6. I am also grateful that my immediate family – my husband, my kids – is together in our home. Not so great for my recent college graduate, who was eager to start an independent adult life in Boston, but as his mother, I’m glad to have him with us. The downside is not being able to visit my elderly parents who live out of state, except through Zoom calls. But I’m thankful for Zoom, which allows us to easily video conference with one another.
7. I’m also profoundly grateful for my family’s financial stability and that we’re not suffering the deprivations that so many others are struggling with. I’m thankful to be able to help out through the wonderful non-profit organizations that work tirelessly to support those who need a hand up during these hard times.
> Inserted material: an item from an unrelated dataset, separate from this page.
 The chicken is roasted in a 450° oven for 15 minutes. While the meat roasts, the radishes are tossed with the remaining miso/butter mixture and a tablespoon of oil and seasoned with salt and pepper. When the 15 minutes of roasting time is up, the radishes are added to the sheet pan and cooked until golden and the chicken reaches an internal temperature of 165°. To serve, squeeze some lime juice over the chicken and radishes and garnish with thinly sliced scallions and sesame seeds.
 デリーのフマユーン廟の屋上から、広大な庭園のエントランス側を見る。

8. I’m profoundly thankful to my child’s teachers for going above and beyond the scope of their responsibilities to try to make life at school as normal as possible for their students. That goes for all teachers out there, and doubly for the first responders who risk their own well-being to care for others who desperately need their help.
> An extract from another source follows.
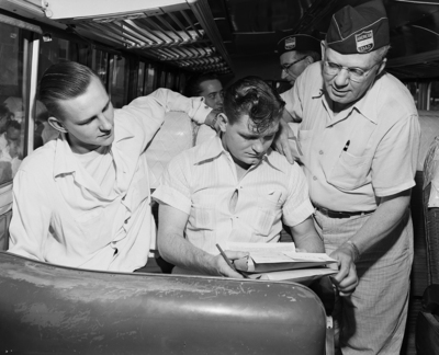 Image shows John A. Schlottman, right, state president of the American War Dads, helping Board 111's leader, Lawrence Gibbs, center, of 2317 Roosevelt, is shown checking his list of pre-induction draftees aboard a bus at the T&P Passenger Station. Jack Zimmer, left, of 2805 East Belknap, looks on. Behind them, Gus Rahr, president of the Fort Worth War Dads, stands chatting with Junior Lee Germany, of 3028 Hemphill. Published in the Fort Worth Star-Telegram evening edition August 16, 1950.

9. Zoom classes, webinars, virtual instruction, and social meet-ups! Thank you to Zoom itself, as well as all those who provide social outlets, educational content, and interactive learning. It help tremendously in maintaining our sanity and need for socialization. By extension, I’m grateful to all the streaming entertainment that so many have turned to over these long months. Thank goodness for the internet! Can you imagine how much more difficult this experience would have been if the pandemic had happened thirty years earlier?
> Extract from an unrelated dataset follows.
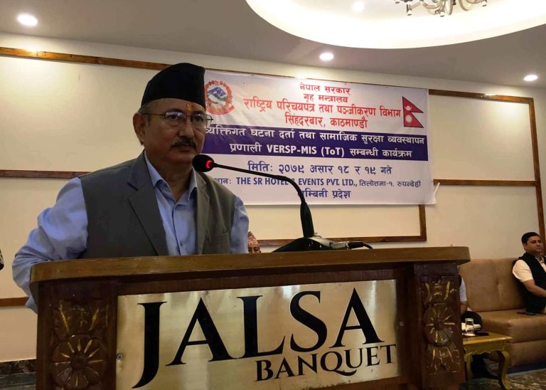 राष्ट्रिय परिचयपत्र तथा पञ्जीकरण विभागद्वारा रुपन्देहीको तिलोत्तमामा शनिबार आयोजित व्यक्तिगत घटना दर्ता तथा सामाजिक सुरक्षा व्यवस्थापन प्रणालीसम्बन्धी कार्यक्रममा उनले व्यक्तिगत घटना संकलन, भण्डारण र वितरणको काम प्रभावकारी ढंगले अघि बढाउन निर्देशन दिए ।

10. Finally, I’m thankful that 2021 is just around the corner! With Pfizer and Moderna leading the way in providing highly effective vaccines, we can’t help but hope that this nightmare will be over by this time next year … if not sooner. In this respect, 2021 promises to be a much happier year when we can all breathe a (healthy) sigh of relief and begin to resume our lives more or less “normally” as before.
No doubt, when this pandemic is relegated to the rear view mirror, we as individuals and as a society will be profoundly changed by our collective experience. Hopefully, we will also come out of this with a little gratitude for what good we did discover, and especially how much worse things might have been. This is not to minimize the loss that many suffered. For those who lost loved ones, my heart goes out to you. For those whose lives were completely upended by job loss and financial crises, I wish you a rapid turnaround of fortune. But adversity is a great teacher, and I do hope that we all are more awakened spiritually as a result of all this. We are social creatures, we need one another, we need to help one another in so many ways throughout our lives.
Thanksgiving provides a time for reflection to consider the good even in the most difficult times. I hope you and yours enjoy a wonderful holiday filled with happiness, health, and appreciation.